Sparse Autoencoders (SAE)¶
Sparse Autoencoders are the core interpretability tool in mi-crow. They learn to represent model activations using a sparse set of interpretable features.
What are SAEs?¶
An SAE is a neural network that: 1. Takes dense activations from a model layer as input 2. Encodes them into a sparse latent representation 3. Decodes back to reconstruct the original activations
The sparsity constraint encourages the SAE to learn discrete, interpretable features (neurons) that correspond to meaningful concepts.
Why Use SAEs?¶
- Interpretability: Each SAE neuron often corresponds to a human-understandable concept
- Feature Discovery: Automatically discover what features the model uses
- Control: Manipulate model behavior by amplifying or suppressing specific neurons
- Analysis: Understand which features are important for different tasks
SAE Architecture¶
mi-crow supports TopK SAEs, which enforce sparsity by keeping only the top-K most active neurons:
from mi_crow.mechanistic.sae import TopKSae
sae = TopKSae(
n_latents=4096, # Number of SAE neurons (overcomplete)
n_inputs=768, # Size of input activations
k=32, # Top-K sparsity (only 32 neurons active at once)
device="cuda"
)
The overcomplete ratio (n_latents / n_inputs) determines how many features the SAE can learn. Higher ratios allow more fine-grained feature discovery.
Concepts and Interpretability¶
Concepts are human-interpretable meanings associated with SAE neurons.
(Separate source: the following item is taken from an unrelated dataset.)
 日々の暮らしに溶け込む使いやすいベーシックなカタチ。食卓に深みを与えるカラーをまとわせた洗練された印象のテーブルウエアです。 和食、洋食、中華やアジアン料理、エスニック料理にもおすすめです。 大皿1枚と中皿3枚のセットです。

The concept discovery process involves:
- Training an SAE on model activations
- Collecting top texts that activate each neuron
- Manual curation to name concepts based on patterns
- Using concepts to understand and control model behavior
Concept Discovery¶
After training an SAE, you can discover concepts by:
# Enable text tracking during inference
sae.concepts.enable_text_tracking(top_k=10)
# Run inference on a dataset
outputs, encodings = lm.inference.execute_inference(dataset_texts)
# Get top activating texts for each neuron
top_texts = sae.concepts.get_top_texts()
Each neuron's top texts reveal what patterns it detects, allowing you to assign meaningful names like "family relationships" or "scientific terminology".
Concept Manipulation¶
Once concepts are identified, you can manipulate model behavior:
# Amplify a concept (neuron 42)
sae.concepts.manipulate_concept(neuron_idx=42, scale=1.5)
# Suppress a concept
sae.concepts.manipulate_concept(neuron_idx=42, scale=0.5)
# Run inference with modified behavior
outputs, encodings = lm.inference.execute_inference(["Your prompt here"])
Hooks System Overview¶
The hooks system is the foundation of mi-crow's interpretability capabilities. It allows you to intercept and process activations during model inference.
What are Hooks?¶
Hooks are callbacks that execute at specific points during a model's forward pass. They can:
- Observe activations without modification (Detectors)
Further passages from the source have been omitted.